Segment Open
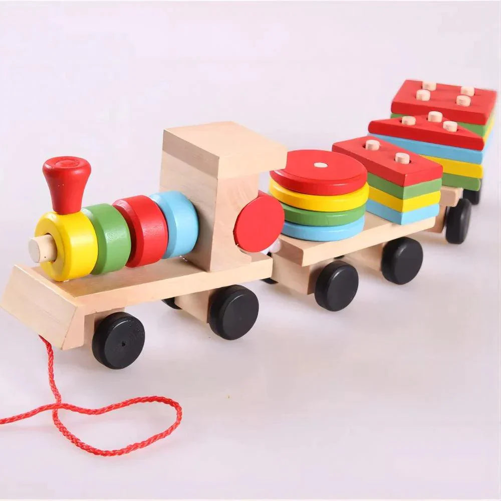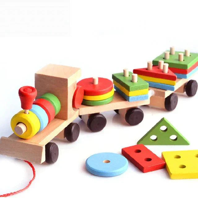 The toy Train helps develop areas like motor skills, sorting, shape recognition, and creative thinking.
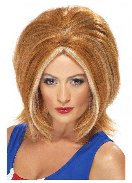 Girl Power ruled the 90s. This Ginger Spice Girls style wig matches our Ginger Spice Union Jack dress perfectly for one of the iconic looks of the 1990s. Wig is ginger with blonde streaks.
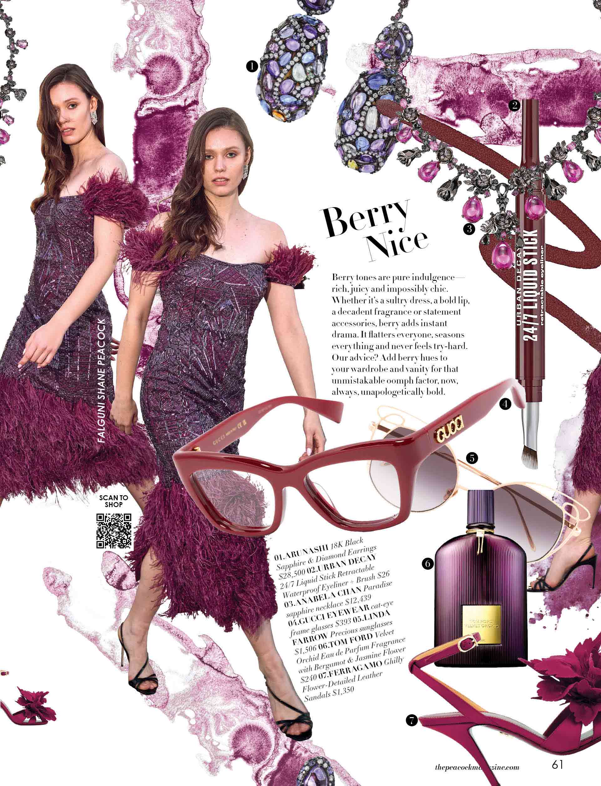 Berry tones are pure indulgence—rich, juicy and impossibly chic. Whether it’s a sultry dress, a bold lip, a decadent fragrance or statement accessories, berry adds instant drama. It flatters everyone, seasons everything and never feels try-hard. Our advice? Add berry hues to your wardrobe and vanity for that unmistakable oomph factor, now, always, unapologetically bold.
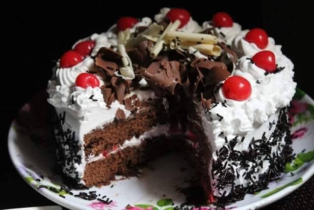 Décorer votre Forêt Noire avec des copeaux de chocolat et de la chantilly.
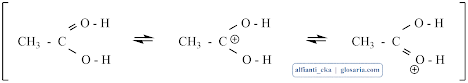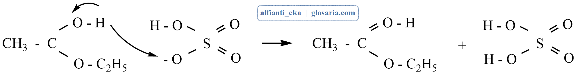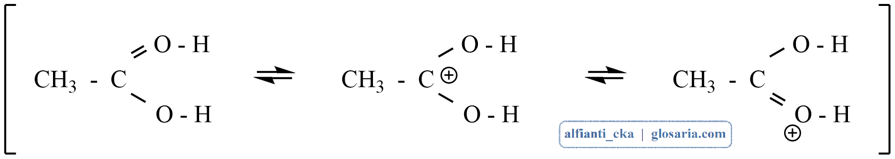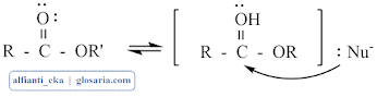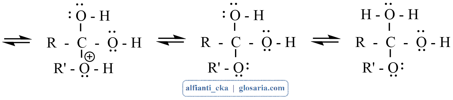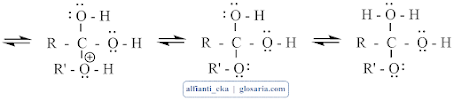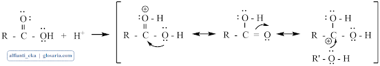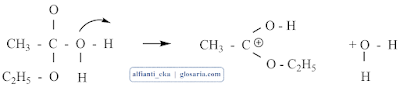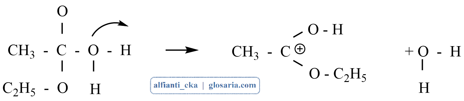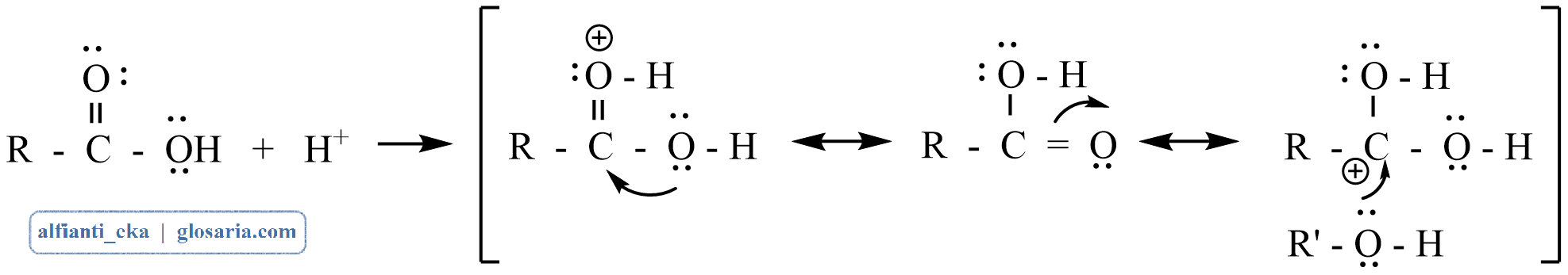 Dalam larutan asam, oksigen karbonil dari suatu ester dapat diprotonasikan kemudian karbonil yang bermuatan positif parsial dapat diserang oleh nukleofil lemah seperti air.
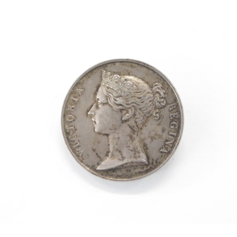 An 1842 China medal brooch mounted on the reverse, named to William Brushwood HMS Hyacinth. Whilst serving on Hyacinth he was a Boy 1st Class, later Discharged Dead in 1869, as a 2nd Master. Born in Elson, Alverstoke , Hampshire on January 17th 1821. He entered the service as a Boy posted to HMS Hyacinth (Crew Number 30) a Favourite Class Sloop. Armed with 16 x 32 Pounder Carronades with 2 x 9 Pounder Bow Chasers, having a crew of 125 Officers and Men. Launched in May 1829, serving first on the East India Station 1829-41 , then posted to the China Station . She took part in the 1st Opium War from 1839 until 1842, when peace was signed.
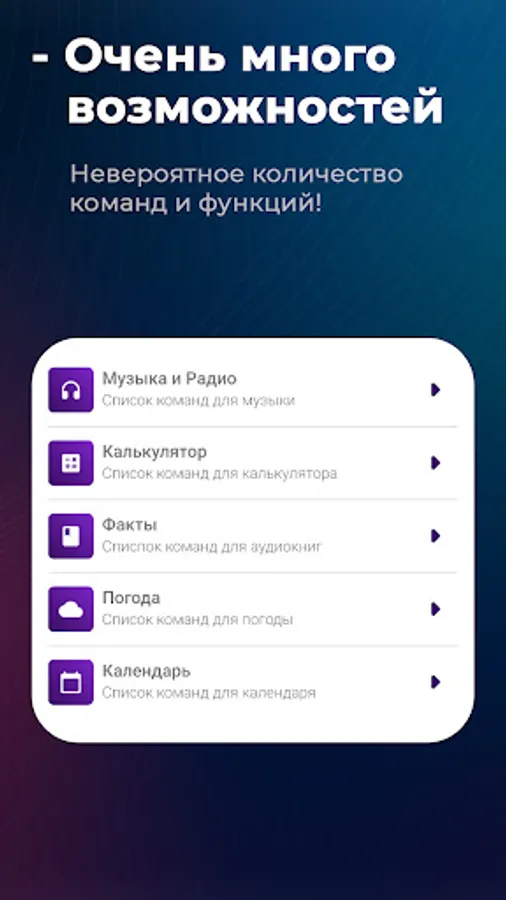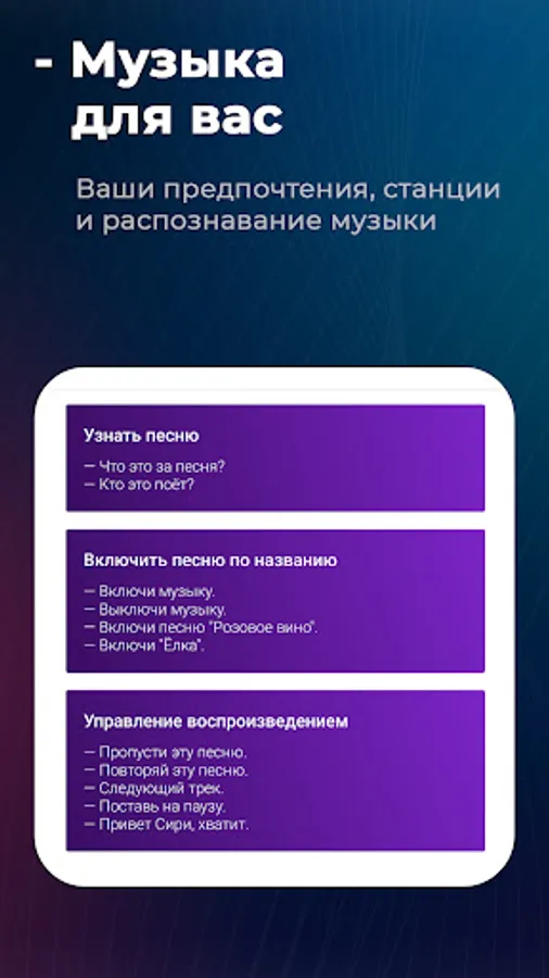 Please note that this "Commands for Siri" application does not have a built-in Siri voice assistant. This is a reference application with commands for the voice assistant Siri. Here you will find a complete list of voice commands divided into categories.
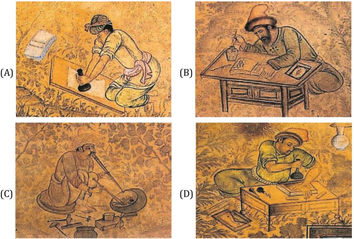 Four stages in the making of a manuscript: A. Preparing the paper. B. Writing the text. C. Melting gold to highlight important words and passages. D. Preparing the binding.
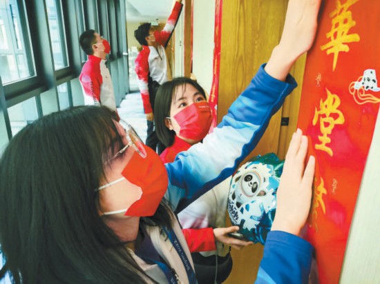 服務(wù)保障人員的村內(nèi)生活也趣味十足。下午3點(diǎn)多,一場“守海陀歲·延慶冬奧村新村民共贏未來”主題活動(dòng)在訪客中心舉行。“微笑的雪,為大地開花;愛灑向手心,純潔無瑕……”中外志愿者們用12種語言唱起北京冬奧會(huì)志愿者之歌《燃燒的雪花》,擊鼓傳花,匿名交換明信片,現(xiàn)場溫馨又熱鬧。而在媒體中心,志愿者寫福字,貼福字,迎接春節(jié)和冬奧的到來。晚上6點(diǎn)多,延慶冬奧村還迎來了“志愿者虎年春節(jié)聯(lián)歡晚會(huì)”,志愿者各顯身手帶來彈唱、傳統(tǒng)曲藝、芭蕾舞表演等節(jié)目,以“線上村晚”開啟新的一年。
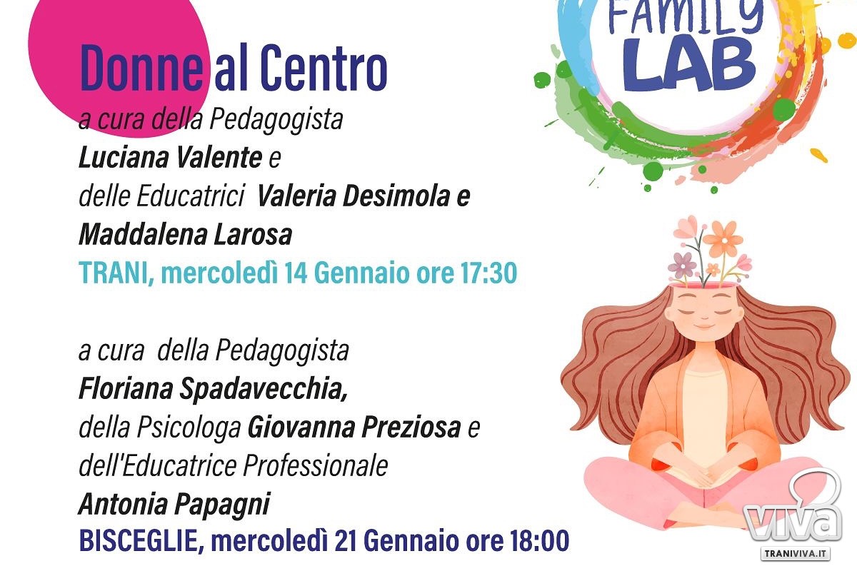 Come partecipare La partecipazione a tutte le iniziative del Family Lab è gratuita, ma è necessaria l'iscrizione per verificare la disponibilità dei posti in sala. Per informazioni last-minute o per prenotarsi ai prossimi appuntamenti, è possibile contattare il numero 0883 011094 o scrivere a familylabtrani@libero.it. Un'occasione da non perdere per tutte le donne che desiderano rimettersi "al centro", partendo proprio da oggi.
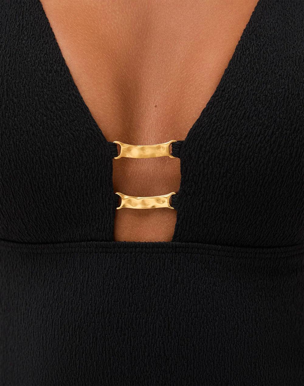 The ViX Firenze Elisa Short Dress is a mini bodycon silhouette with a v-neckline adorned with gold-plated details at the bust, wide shoulder straps, and an open back.
Segment Closed
■ EXERCISE GOAL
A word-for-word copy of the listing is the goal; keep every picture out of it.

■ ANSWER SECTION
 The toy Train helps develop areas like motor skills, sorting, shape recognition, and creative thinking.
 Girl Power ruled the 90s. This Ginger Spice Girls style wig matches our Ginger Spice Union Jack dress perfectly for one of the iconic looks of the 1990s. Wig is ginger with blonde streaks.
 Berry tones are pure indulgence—rich, juicy and impossibly chic. Whether it’s a sultry dress, a bold lip, a decadent fragrance or statement accessories, berry adds instant drama. It flatters everyone, seasons everything and never feels try-hard. Our advice? Add berry hues to your wardrobe and vanity for that unmistakable oomph factor, now, always, unapologetically bold.
 Décorer votre Forêt Noire avec des copeaux de chocolat et de la chantilly.
 Dalam larutan asam, oksigen karbonil dari suatu ester dapat diprotonasikan kemudian karbonil yang bermuatan positif parsial dapat diserang oleh nukleofil lemah seperti air.
 An 1842 China medal brooch mounted on the reverse, named to William Brushwood HMS Hyacinth. Whilst serving on Hyacinth he was a Boy 1st Class, later Discharged Dead in 1869, as a 2nd Master. Born in Elson, Alverstoke , Hampshire on January 17th 1821. He entered the service as a Boy posted to HMS Hyacinth (Crew Number 30) a Favourite Class Sloop. Armed with 16 x 32 Pounder Carronades with 2 x 9 Pounder Bow Chasers, having a crew of 125 Officers and Men. Launched in May 1829, serving first on the East India Station 1829-41 , then posted to the China Station . She took part in the 1st Opium War from 1839 until 1842, when peace was signed.
 Please note that this "Commands for Siri" application does not have a built-in Siri voice assistant. This is a reference application with commands for the voice assistant Siri. Here you will find a complete list of voice commands divided into categories.
 Four stages in the making of a manuscript: A. Preparing the paper. B. Writing the text. C. Melting gold to highlight important words and passages. D. Preparing the binding.
 服務(wù)保障人員的村內(nèi)生活也趣味十足。下午3點(diǎn)多,一場“守海陀歲·延慶冬奧村新村民共贏未來”主題活動(dòng)在訪客中心舉行。“微笑的雪,為大地開花;愛灑向手心,純潔無瑕……”中外志愿者們用12種語言唱起北京冬奧會(huì)志愿者之歌《燃燒的雪花》,擊鼓傳花,匿名交換明信片,現(xiàn)場溫馨又熱鬧。而在媒體中心,志愿者寫福字,貼福字,迎接春節(jié)和冬奧的到來。晚上6點(diǎn)多,延慶冬奧村還迎來了“志愿者虎年春節(jié)聯(lián)歡晚會(huì)”,志愿者各顯身手帶來彈唱、傳統(tǒng)曲藝、芭蕾舞表演等節(jié)目,以“線上村晚”開啟新的一年。
 Come partecipare La partecipazione a tutte le iniziative del Family Lab è gratuita, ma è necessaria l'iscrizione per verificare la disponibilità dei posti in sala. Per informazioni last-minute o per prenotarsi ai prossimi appuntamenti, è possibile contattare il numero 0883 011094 o scrivere a familylabtrani@libero.it. Un'occasione da non perdere per tutte le donne che desiderano rimettersi "al centro", partendo proprio da oggi.
 The ViX Firenze Elisa Short Dress is a mini bodycon silhouette with a v-neckline adorned with gold-plated details at the bust, wide shoulder straps, and an open back.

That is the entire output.